Before publishing this article here I had a Google around to see what already existed
out there. I didn’t find anything quite like what I’ve put together (in particular the handling of arrays) so I've decided it’s worth sharing.
Handling Repeated Elements (Arrays)
The dynamic API can handle repeating elements by detecting sibling elements with the same name and grouping them into a collection, but it can’t tell if an element should be added to a collection if there’s only one of them present in the xml instance document.
Solution
Let the user tell us at runtime. The user of the API knows the format of the file they’re trying to parse, and which elements belong in collections. So by introducing a property naming convention for accessing arrays we can have the user tell us which elements belong in collections. The convention I’ve
chosen is __Array
(double underscore). Anytime a property is requested ending with
__Array
, the API will always return an array based on the property name before __Array
, even if no such property exists. This is very convenient since you don’t need to check if the property is null before iterating over it.

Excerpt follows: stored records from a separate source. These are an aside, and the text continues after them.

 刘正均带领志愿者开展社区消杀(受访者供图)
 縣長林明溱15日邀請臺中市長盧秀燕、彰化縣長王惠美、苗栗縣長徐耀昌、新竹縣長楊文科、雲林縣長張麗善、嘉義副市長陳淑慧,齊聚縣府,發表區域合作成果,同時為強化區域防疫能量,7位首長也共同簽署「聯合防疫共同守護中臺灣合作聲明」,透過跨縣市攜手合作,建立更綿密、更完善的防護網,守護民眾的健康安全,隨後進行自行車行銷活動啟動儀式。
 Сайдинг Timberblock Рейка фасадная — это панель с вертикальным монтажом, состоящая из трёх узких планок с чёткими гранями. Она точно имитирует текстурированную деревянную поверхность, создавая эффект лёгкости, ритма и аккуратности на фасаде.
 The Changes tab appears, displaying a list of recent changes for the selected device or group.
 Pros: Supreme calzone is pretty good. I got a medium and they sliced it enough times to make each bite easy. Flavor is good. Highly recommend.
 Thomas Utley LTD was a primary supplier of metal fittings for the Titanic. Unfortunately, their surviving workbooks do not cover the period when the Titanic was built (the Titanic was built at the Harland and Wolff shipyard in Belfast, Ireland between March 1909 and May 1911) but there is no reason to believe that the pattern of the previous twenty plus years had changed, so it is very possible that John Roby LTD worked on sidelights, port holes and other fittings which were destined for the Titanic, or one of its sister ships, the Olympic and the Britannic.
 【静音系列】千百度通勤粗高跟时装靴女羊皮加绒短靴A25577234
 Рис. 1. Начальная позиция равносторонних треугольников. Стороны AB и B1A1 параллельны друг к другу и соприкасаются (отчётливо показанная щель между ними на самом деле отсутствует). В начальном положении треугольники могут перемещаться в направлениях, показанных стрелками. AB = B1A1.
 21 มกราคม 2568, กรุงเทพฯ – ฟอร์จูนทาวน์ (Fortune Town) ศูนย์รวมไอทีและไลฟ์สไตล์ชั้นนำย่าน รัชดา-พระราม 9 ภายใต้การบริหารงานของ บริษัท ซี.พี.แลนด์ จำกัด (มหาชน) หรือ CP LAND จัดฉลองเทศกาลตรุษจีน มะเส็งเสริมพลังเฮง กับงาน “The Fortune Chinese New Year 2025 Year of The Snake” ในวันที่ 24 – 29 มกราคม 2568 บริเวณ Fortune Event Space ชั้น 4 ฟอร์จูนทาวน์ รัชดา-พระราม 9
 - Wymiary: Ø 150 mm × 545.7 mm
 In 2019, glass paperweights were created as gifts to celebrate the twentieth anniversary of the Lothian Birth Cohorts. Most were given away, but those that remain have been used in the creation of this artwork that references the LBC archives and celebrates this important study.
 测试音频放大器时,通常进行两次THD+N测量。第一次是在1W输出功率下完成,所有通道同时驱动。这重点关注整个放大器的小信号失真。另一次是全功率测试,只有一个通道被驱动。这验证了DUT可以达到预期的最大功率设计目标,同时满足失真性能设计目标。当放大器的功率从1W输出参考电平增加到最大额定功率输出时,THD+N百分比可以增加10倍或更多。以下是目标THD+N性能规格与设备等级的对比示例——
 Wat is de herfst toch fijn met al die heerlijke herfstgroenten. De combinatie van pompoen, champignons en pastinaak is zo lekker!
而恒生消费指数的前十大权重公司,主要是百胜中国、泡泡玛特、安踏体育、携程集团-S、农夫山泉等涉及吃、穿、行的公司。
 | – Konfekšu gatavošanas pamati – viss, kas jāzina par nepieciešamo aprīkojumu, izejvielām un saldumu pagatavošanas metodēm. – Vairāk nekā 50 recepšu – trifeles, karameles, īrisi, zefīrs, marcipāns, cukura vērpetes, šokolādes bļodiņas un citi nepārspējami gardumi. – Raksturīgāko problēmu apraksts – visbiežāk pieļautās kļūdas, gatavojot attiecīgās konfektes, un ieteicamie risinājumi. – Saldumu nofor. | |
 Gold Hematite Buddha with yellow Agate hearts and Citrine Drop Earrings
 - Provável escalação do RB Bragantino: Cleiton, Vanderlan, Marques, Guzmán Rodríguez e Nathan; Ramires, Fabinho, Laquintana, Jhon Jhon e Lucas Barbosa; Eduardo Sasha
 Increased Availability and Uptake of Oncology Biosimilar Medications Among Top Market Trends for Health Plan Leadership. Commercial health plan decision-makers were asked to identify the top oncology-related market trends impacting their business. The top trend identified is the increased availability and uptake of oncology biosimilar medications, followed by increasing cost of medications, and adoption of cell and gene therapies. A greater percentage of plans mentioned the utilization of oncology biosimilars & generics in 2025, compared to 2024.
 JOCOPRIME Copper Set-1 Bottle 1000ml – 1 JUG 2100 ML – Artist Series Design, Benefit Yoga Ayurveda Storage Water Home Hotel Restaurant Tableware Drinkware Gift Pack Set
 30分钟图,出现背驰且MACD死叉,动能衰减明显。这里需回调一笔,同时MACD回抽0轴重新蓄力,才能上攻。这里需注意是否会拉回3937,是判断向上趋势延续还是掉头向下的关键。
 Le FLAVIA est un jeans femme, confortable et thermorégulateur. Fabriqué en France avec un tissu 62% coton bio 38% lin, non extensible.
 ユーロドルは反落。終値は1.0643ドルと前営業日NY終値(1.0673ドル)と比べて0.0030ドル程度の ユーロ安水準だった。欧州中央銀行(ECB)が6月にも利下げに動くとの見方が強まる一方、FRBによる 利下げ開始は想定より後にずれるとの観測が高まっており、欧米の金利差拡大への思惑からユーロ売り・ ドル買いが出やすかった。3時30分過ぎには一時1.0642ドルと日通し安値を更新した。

Handling complex elements that also contain a value
There’s a complication when an element has a value or text but also contains attributes or child elements. The dynamic API will create DynamicXmlNode
s for these elements and therefore accessing the corresponding property will not return a string but a DynamicXmlNode
. See an example of this situation below:
<title lang="en">The Selfish Gene</title>
The element contains both an attribute and text. If you wanted to access the lang value you’d just go Book_Array[0].Title.Lang
, but if you wanted to access just the text you can’t because Book_Array[0].Title
returns a DynamicXmlNode
.
Solution
I have three solutions for this, all of which will return the value of the title element
- Implicit String Operator:
DynamicXmlNode
includes an implicit operator to string, so assigning a DynamicXmlNode
object to a string will always return the value of the element being wrapped i.e.
string title = bookstore.Book__Array[0].Title;
Book_Array[0].Title.ToString()
will also return the value of the element being wrapped
Book_Array[0].Title._
will also return the value of the element being wrapped
Underscore Conventions
__Array
: If the caller wants an array they get an array! Users just have to append
__Array (case insensitive, double underscore) to the property name e.g. BookStore.Book__Array
__PropertyName
: Including a double underscore before a property
will return the XML (attribute or element) that was used to generate that property e.g. Book_Array[0].__Title
__
: A double underscore will return the XML element being wrapped by the DynamicXmlNode
e.g. Book_Array[0].__
_
: A single underscore will always return the value of the element e.g. Book__Array[0].Title._
How it Works
All property names are case in-sensitive.
All properties requested that don’t exist will return null, except in the case where a request property ends with __Array
(as mentions above).
Any element that contains child elements or attributes will be wrapped in a DynamicXmlNode
object. This means you can easily drill down into the file like this BookStore.Book_Array[0].Title.Lang
Using the code
I’ll use the book store example commonly used on W3Schools to demonstrate how to
use the API. Here’s the xsd schema for the bookstore.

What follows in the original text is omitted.